Timely, informative, and engaging. Thanks so much for writing this.
Good to know my natural paranoia wasn't off-base.
I'm a big fan of family safe words. Some notes to share:
1. Creating a safeword (or security phrase) isn't enough. You have to rehearse them at least quarterly, or they'll be forgotten. Especially by those who treat security and trust blithely (which is most people who haven't been victimized).
2. Failing to remember a safeword is okay if you ask a security question in real time. "What was street address of the house back in New York?" The attacker would need a dossier on you to know that the correct answer is "we've never lived in New York."
Security questions suck for login purposes, but will probably work for identity verification in real time.
3. If you're going through the trouble of setting up safewords, you might as well set up a duress code while you're at it. Just in case you're ACTUALLY in a car accident and the other driver is threatening you with a gun. "I'm doing fine, mom. I'm just watching a pack of angry raccoons fighting in the backyard, that's all."
This is the kind of post I wish more people would write: mechanisms, not vibes. You are not selling panic, but you are also not selling “we’ll patch it and move on.”
Three points for the win!
First, the family safe word. That is an actual control.
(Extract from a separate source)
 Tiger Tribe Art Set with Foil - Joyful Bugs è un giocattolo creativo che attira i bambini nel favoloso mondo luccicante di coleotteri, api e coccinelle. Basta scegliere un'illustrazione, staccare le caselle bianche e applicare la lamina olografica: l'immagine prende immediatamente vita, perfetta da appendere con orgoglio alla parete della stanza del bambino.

Low tech, high leverage, and it breaks the scam’s whole economic model. Callback on a known number plus one absurd phrase beats a thousand “be vigilant” posters.
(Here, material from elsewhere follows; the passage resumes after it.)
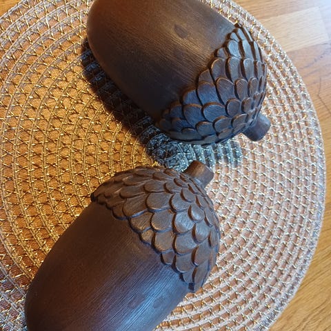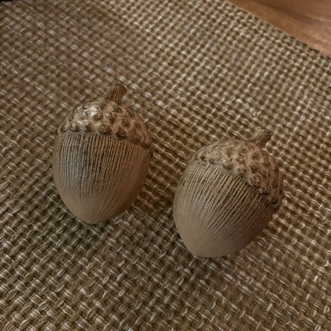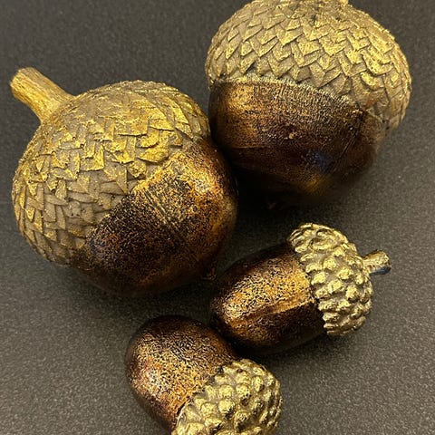 4 sølvfargede eikenøtter til dekorasjon

Second, agentic browsers. The uncomfortable truth is the browser security model assumes page content is untrusted, then we bolt on an agent that treats page content like instructions. That is not a bug. That is a category error. If someone is logged into email or banking and asks “summarize this,” they are one hidden prompt away from turning their session cookies into a remote control.
Third, the identity angle hiding inside the voice clone section. These attacks do not win on technology. They win on urgency and trust. That is why an analog authentication step works so well.
If anyone reading this wants a one sentence policy, here it is. Treat agentic browsers like a hazardous material. Separate machine or separate profile, no real logins, no auto actions. And for families, set the safe word now, before you need it.